# Bike shorts vs pants



## T.toomey (May 29, 2012)

What do like better and why? shorts (I consider 3/4 shorts as well) or pants and if you have any experience do paintball pants work simalier to mtb ones? I'm just looking for opinions on them


----------



## T.toomey (May 29, 2012)

This should go in the apparel and protection area sorry. If you want to move it please do but I'm asking about shorts/ pants for dh


----------



## howardyudoing (Mar 31, 2010)

I have 2 pairs of both. and no paintball ones will not suffice. PB paints are made to be more baggy with giant knee pads and no elastic at the bottom. You'll most likely get them caught in your driveline. Moto and mtb pants are pretty much the same thing ( I have 1 pair of both) for hot days, I like my shorts and for muddy conditions I like my pants.


----------



## howardyudoing (Mar 31, 2010)

I also like my pants when I'm riding through brush.


----------



## T.toomey (May 29, 2012)

Actully most pb paints do have a thing to tighten the around the ankle. But I agree with you I like my shorts most the time hot days and pants when it's cold or muddy


----------



## pizon (Jul 7, 2009)

i like shorts as they're cooler and easier to get knee pads on/off. if its really muddy/cold, i find army pants work well as they can be tightened around ankles and are cheap


----------



## howardyudoing (Mar 31, 2010)

T.toomey said:


> Actully most pb paints do have a thing to tighten the around the ankle. But I agree with you I like my shorts most the time hot days and pants when it's cold or muddy


lol my last pair of pb mants were '07 jt pros lol super baggy super padded. my moto pants are way lighter.


----------



## T.toomey (May 29, 2012)

howardyudoing said:


> lol my last pair of pb mants were '07 jt pros lol super baggy super padded. my moto pants are way lighter.

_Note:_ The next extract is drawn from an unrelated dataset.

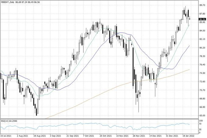 Z pewnością kluczowym tematem na rynku ropy naftowej pozostają obawy o konflikt zbrojny na Ukrainie. Sytuacja wokół tego kraju pozostaje napięta – w ostatnich dniach pojawiały się informacje o ewakuacji części zachodnich dyplomatów z tego kraju, jak również o przygotowaniu wojsk NATO na ewentualne działania w Europie Wschodniej. Dla inwestorów na rynku ropy naftowej otwarty konflikt oznaczałby przede wszystkim duże prawdopodobieństwo narzucenia sankcji na Rosję. Mogłyby obejmować w jakiś sposób tamtejszy sektor naftowy, co jest o tyle istotne, że Rosja to jeden z największych producentów ropy naftowej na świecie.

Your prob right with the baggy the ones I have dye c10 are 2 years old bug I'm only 14 now so the last 2 years I grew a ton so if I mine fit right they probably would be baggy


----------



## howardyudoing (Mar 31, 2010)

what size are you? I have 1 pair that I never use (ridden like twice) that I would sell your for a decent price. they're older blue royral racing pants.


----------



## .WestCoastHucker. (Jan 14, 2004)

just wear jeans, it's not a fashion show...


----------



## howardyudoing (Mar 31, 2010)

.WestCoastHucker. said:


> just wear jeans, it's not a fashion show...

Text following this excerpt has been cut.